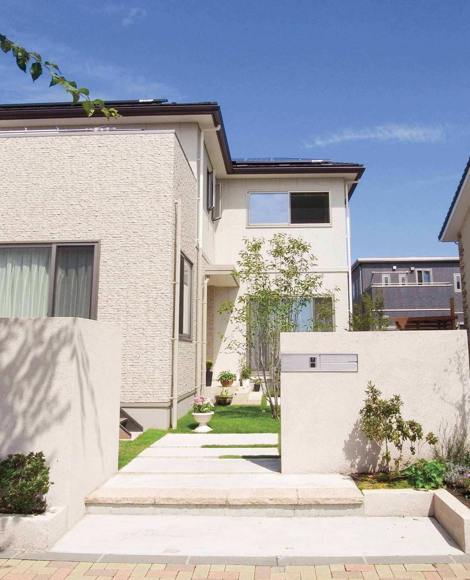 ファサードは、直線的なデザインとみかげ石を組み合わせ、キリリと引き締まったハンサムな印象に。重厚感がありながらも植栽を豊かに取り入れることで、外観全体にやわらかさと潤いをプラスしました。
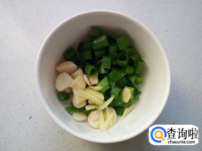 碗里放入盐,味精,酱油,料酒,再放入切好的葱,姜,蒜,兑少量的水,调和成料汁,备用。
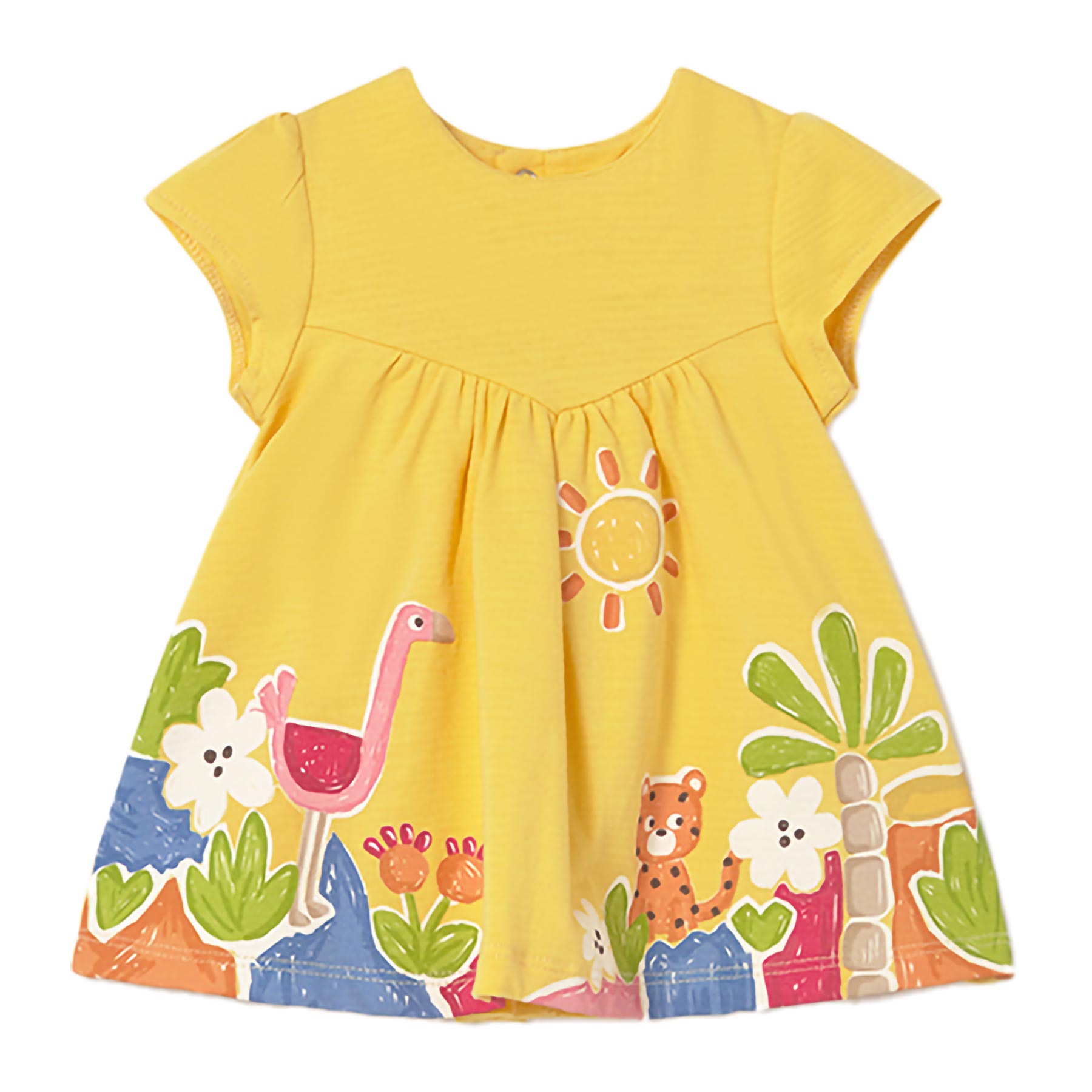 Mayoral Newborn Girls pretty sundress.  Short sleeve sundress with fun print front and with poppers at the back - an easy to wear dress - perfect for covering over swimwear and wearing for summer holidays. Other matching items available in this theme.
---
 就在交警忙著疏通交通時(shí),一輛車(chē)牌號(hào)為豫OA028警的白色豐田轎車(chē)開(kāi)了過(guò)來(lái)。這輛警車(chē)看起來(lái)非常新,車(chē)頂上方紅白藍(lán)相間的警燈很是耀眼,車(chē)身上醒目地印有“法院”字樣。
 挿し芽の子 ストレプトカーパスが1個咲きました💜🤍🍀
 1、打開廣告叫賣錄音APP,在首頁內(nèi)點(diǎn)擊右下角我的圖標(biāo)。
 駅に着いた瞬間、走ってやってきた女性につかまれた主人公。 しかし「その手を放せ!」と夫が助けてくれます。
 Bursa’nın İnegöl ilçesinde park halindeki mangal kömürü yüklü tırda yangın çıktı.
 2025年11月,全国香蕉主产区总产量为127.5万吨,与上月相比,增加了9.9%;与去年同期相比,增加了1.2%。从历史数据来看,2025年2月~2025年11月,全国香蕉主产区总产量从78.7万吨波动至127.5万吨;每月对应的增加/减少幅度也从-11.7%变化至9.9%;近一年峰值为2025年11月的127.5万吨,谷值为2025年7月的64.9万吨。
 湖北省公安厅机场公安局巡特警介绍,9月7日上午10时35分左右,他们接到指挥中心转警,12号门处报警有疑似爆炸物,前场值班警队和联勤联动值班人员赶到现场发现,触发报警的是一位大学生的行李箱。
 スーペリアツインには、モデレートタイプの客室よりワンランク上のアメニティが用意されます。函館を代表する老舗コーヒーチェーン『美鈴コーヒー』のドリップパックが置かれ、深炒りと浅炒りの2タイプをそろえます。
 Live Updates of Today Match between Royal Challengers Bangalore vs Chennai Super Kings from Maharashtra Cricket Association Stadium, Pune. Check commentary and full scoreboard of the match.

* [To do]:
Output exactly the stretch of the listing that begins at the line containing "ファサードは、直線的なデザイ" and ends at the line containing "Mayoral Newborn Girls", both kept. Omit pictures and everything else.

* [Response below]:
 ファサードは、直線的なデザインとみかげ石を組み合わせ、キリリと引き締まったハンサムな印象に。重厚感がありながらも植栽を豊かに取り入れることで、外観全体にやわらかさと潤いをプラスしました。
 碗里放入盐,味精,酱油,料酒,再放入切好的葱,姜,蒜,兑少量的水,调和成料汁,备用。
 Mayoral Newborn Girls pretty sundress.  Short sleeve sundress with fun print front and with poppers at the back - an easy to wear dress - perfect for covering over swimwear and wearing for summer holidays. Other matching items available in this theme.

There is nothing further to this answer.